Doesn't get his proper due, IMO. So solid back there, like Ringo.
 
That snare feel is unmatched anywhere in rock. Just a hair behind, a small fraction of a second, giving the Stones that piece of air in the rhythm section that made them greasy. Impossible to recreate or teach. drumming legend and helluva cool cat from what I have read. RIP
 
rip. i guess it's the legacy of the stones but this didnt even cross my mind as a possibility when i read he wasnt gonna be going on tour.

have tickets to the nashville show but tryna sell em and do charlotte instead, will be sad.
 
That snare feel is unmatched anywhere in rock. Just a hair behind, a small fraction of a second, giving the Stones that piece of air in the rhythm section that made them greasy. Impossible to recreate or teach. drumming legend and helluva cool cat from what I have read. RIP

yep the keef and watts interplay was so unique. also not hitting the hi-hat w/ the snare is surprisingly difficult and sounds cool.
 
Damn, he really was one of the greats. During their 1978 US tour, they played the Spectrum and I had gotten backstage passes from one of my buddies.

Keith was incoherent before and after the show, but he was unbelieveable during. He could play almost anything no matter how wasted he was. He must have drunk a fifth of whiksey before the show and you'd never have known it. Mick was being Mick.

But Charlie was laid back. He knew what he had going was great and that he was the "normal" guy in the band. So when he asked us if we had seen the butthole strippers, I assumed this was some kind fo slang term for spicy food. But he was serious - he wanted to know where teh butthols strippers where, and he wasn't backing down. He was pretty stoned that night, so I tried to get him to lie down for a few but he wasnt having any of it.

He stared wandering aroudn backstage screaming about the butthole strippers who stood him up, to the point that mick asked him what the fuck he was yelling about. He explained that he had heard about these girls in philly who stripped and would then rub
their buttholes in your face, and he had ordered tow of them to come up preshow.

As it turned out, i figured out who he was talking about. There was a pair of strippers that would wander around independence square, offering to "give you liberty" from your money, and this was something they had invented. I called Tommy Finschwable up and told him that he needed to get them to the spectrum asap.

They showed up about 20 min bfeore the show started.

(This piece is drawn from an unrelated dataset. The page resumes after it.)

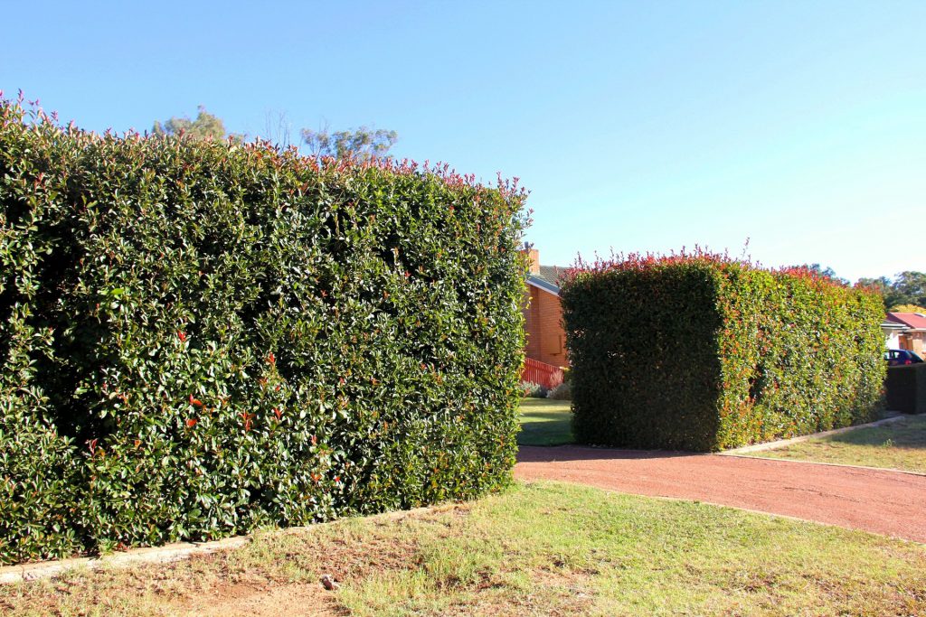 Attractive landscaped front and rear gardens with formal privacy screen hedging and circular driveway.

Gave Charlie a lap dance and then a face dance, and he spent the whole show drumming with a big smile on his face. I looked at Mick and said, "now there's a real shit eating grin."
 
i can't be the only one amused that when you hover on rkarl's rep, you get "rkarl" instead of "will become famous" or something
 
there are so many rock legends
when I’m old it’ll be like ‘RIP Avril Lavigne’ and nobody will care
 
I remember when Tattoo You came out and it was a big deal, got lots of hype on the radio stations back when people listened to those. And I was thinking, "The Rolling Stones are still around? They're so old."

That was in 1981-82 when the Stones were around 40.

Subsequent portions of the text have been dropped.